Stored dataset items:
--- START ---
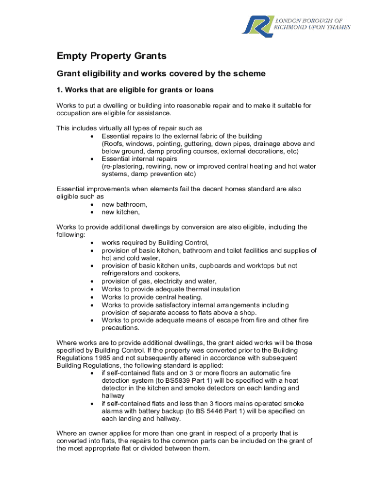 Empty Property Grants Grant eligibility and works covered by the scheme 1. Works that are eligible for grants or loans Works to put a dwelling or building into reasonable repair and to make it suitable
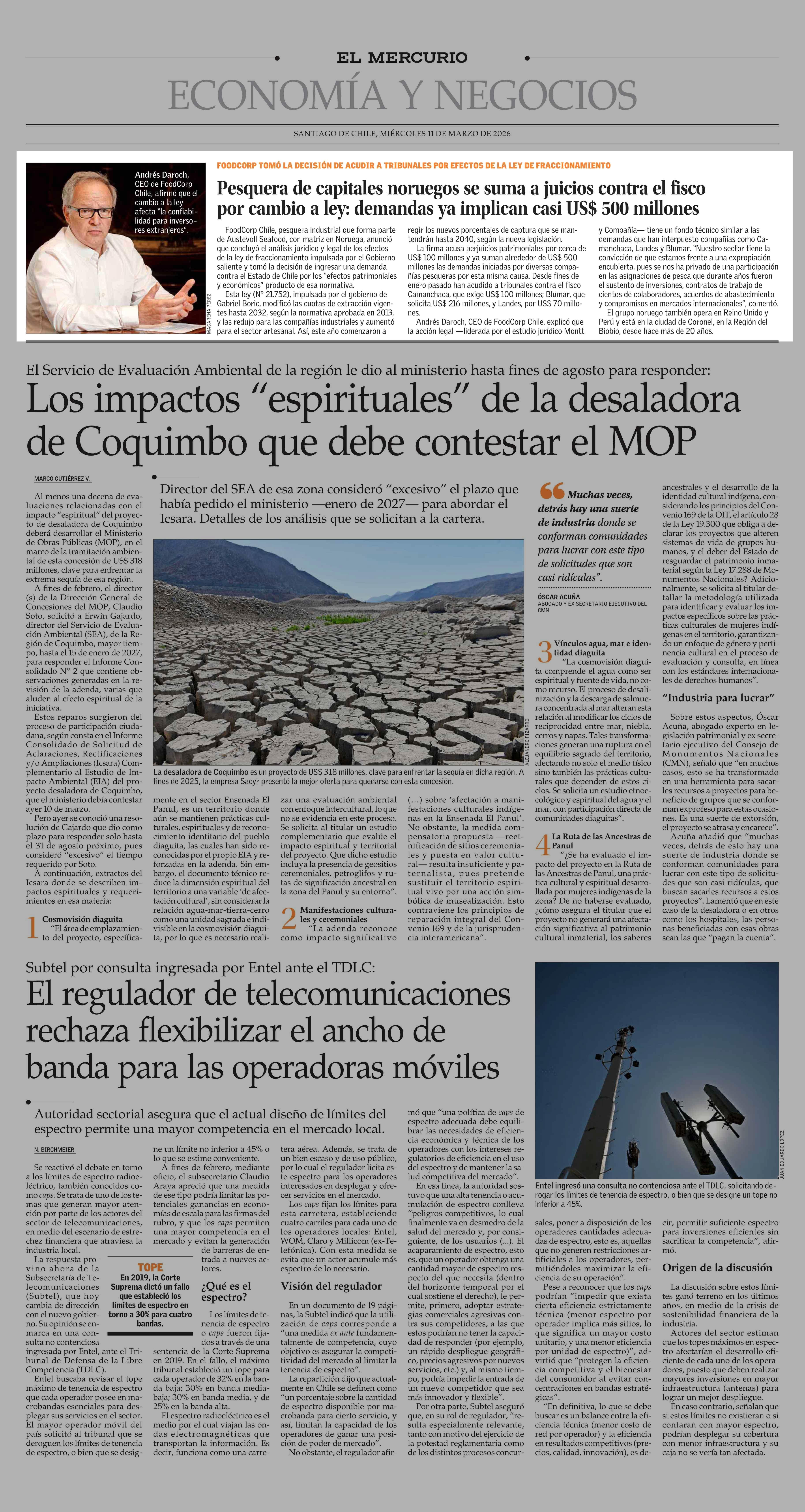 Pesquera de capitales noruegos se suma a juicios contra el fisco por cambio a ley: demandas ya implican casi US$ 500 millones 11-03-2026 El Mercurio |
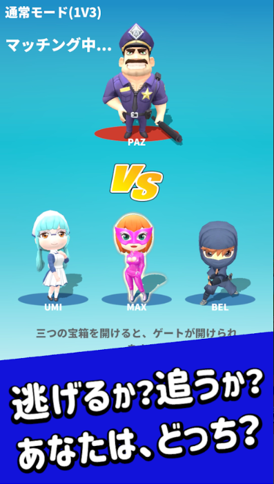 mspo TREASURE是一款多人实时对战游戏,游戏采用卡通风格设计画面,玩家们将化身为小偷需要和同伴一起开启宝箱并顺利的逃脱,注意不要被警察追到了,顺利的逃掉即可获得胜利。
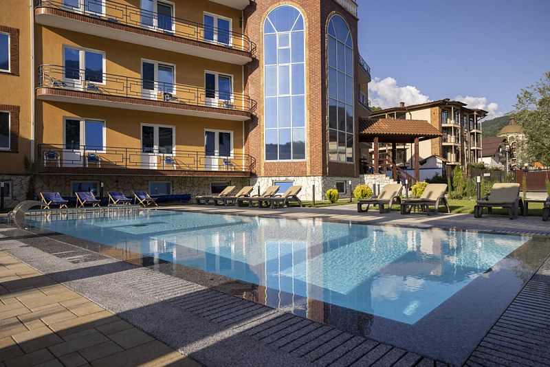 Открытый подогреваемый бассейн с морской водой и бесхлорной фильтрацией, шезлонги.
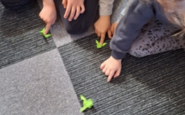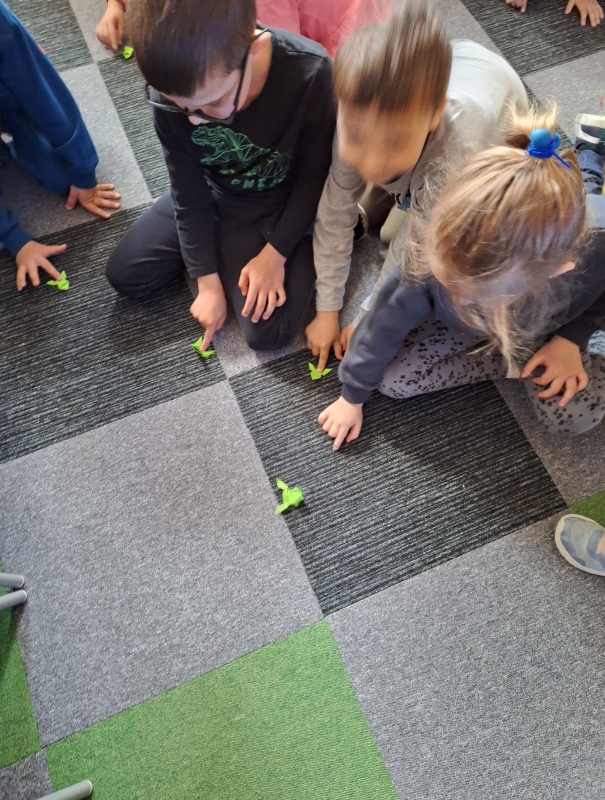 Kiedy ilustracje były już gotowe, przyszedł czas na chwilę beztroskiej zabawy. Ogromnym powodzeniem cieszyły się papierowe żabki, które skakały, lądowały, przewracały się i wywoływały mnóstwo śmiechu.
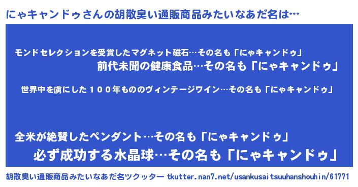 | 意味不明あだ名 | 『住所不定無職にゃキャンドゥ(3歳)』 |
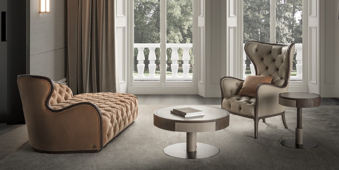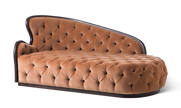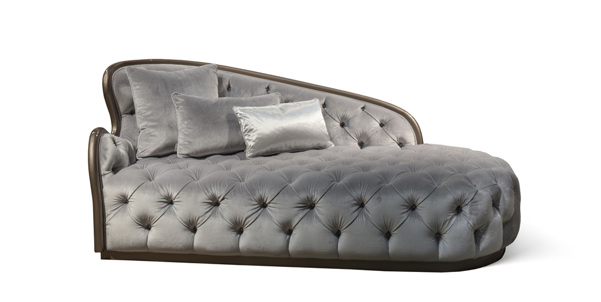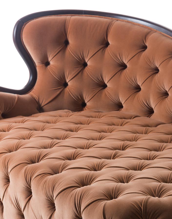 Dormeuse with wooden structure and capitonè finish. Upholstery in fabric or leather. Basement in wood.
--- END ---
INSTRUCTIONS FOR THE TASK - Repeat, exactly and in full, all records above, but include no pictures.

ANSWER -
 Empty Property Grants Grant eligibility and works covered by the scheme 1. Works that are eligible for grants or loans Works to put a dwelling or building into reasonable repair and to make it suitable
 Pesquera de capitales noruegos se suma a juicios contra el fisco por cambio a ley: demandas ya implican casi US$ 500 millones 11-03-2026 El Mercurio |
 mspo TREASURE是一款多人实时对战游戏,游戏采用卡通风格设计画面,玩家们将化身为小偷需要和同伴一起开启宝箱并顺利的逃脱,注意不要被警察追到了,顺利的逃掉即可获得胜利。
 Открытый подогреваемый бассейн с морской водой и бесхлорной фильтрацией, шезлонги.
 Kiedy ilustracje były już gotowe, przyszedł czas na chwilę beztroskiej zabawy. Ogromnym powodzeniem cieszyły się papierowe żabki, które skakały, lądowały, przewracały się i wywoływały mnóstwo śmiechu.
 | 意味不明あだ名 | 『住所不定無職にゃキャンドゥ(3歳)』 |
 Dormeuse with wooden structure and capitonè finish. Upholstery in fabric or leather. Basement in wood.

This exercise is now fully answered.